[Try it]
No pictures belong in the copy. Set down exactly the lines from the one that contains "- Nomazgājiet, notīriet" through the end of the data.

[Data segment]
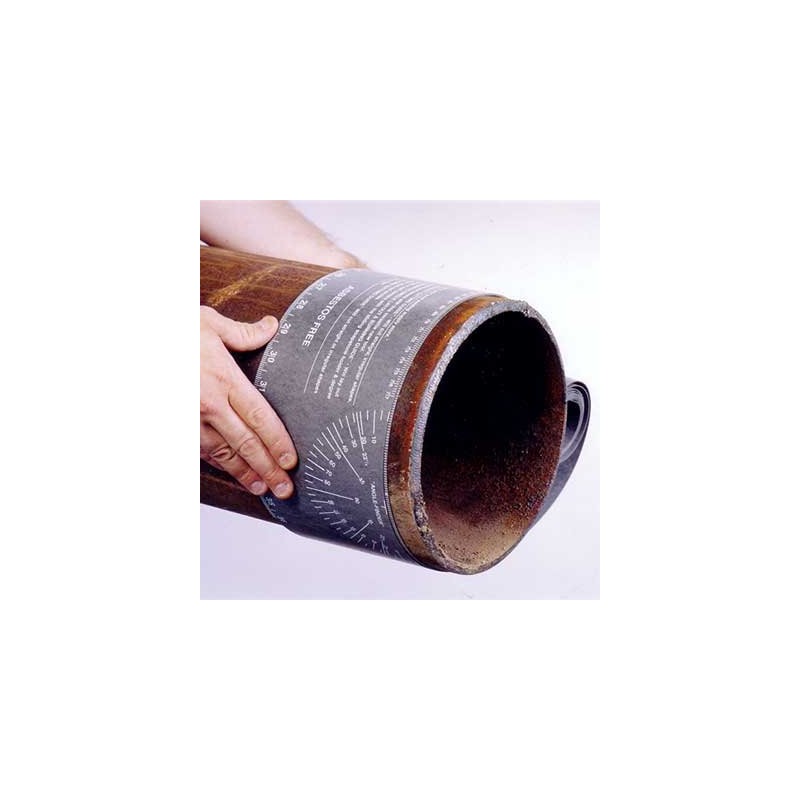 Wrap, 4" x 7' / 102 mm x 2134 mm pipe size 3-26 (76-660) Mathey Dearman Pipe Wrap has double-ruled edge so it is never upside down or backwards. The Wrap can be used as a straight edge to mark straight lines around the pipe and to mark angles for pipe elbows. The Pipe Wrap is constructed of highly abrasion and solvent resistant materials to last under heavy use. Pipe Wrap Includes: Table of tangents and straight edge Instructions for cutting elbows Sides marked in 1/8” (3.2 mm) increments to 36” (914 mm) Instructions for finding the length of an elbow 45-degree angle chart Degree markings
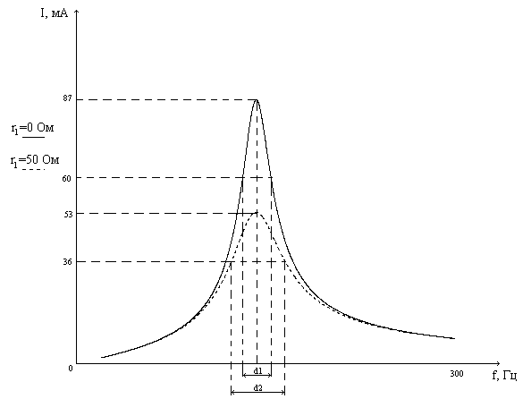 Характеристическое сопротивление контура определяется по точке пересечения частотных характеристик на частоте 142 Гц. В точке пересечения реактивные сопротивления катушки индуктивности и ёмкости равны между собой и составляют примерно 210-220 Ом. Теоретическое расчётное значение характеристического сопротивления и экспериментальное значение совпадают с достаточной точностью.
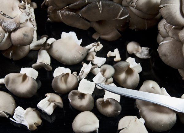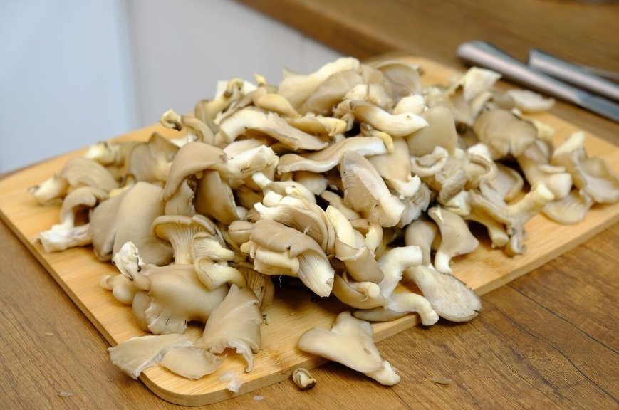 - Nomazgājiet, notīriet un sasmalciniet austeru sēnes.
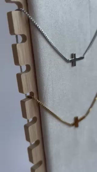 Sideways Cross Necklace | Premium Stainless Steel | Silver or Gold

[Solution to the problem]
 - Nomazgājiet, notīriet un sasmalciniet austeru sēnes.
 Sideways Cross Necklace | Premium Stainless Steel | Silver or Gold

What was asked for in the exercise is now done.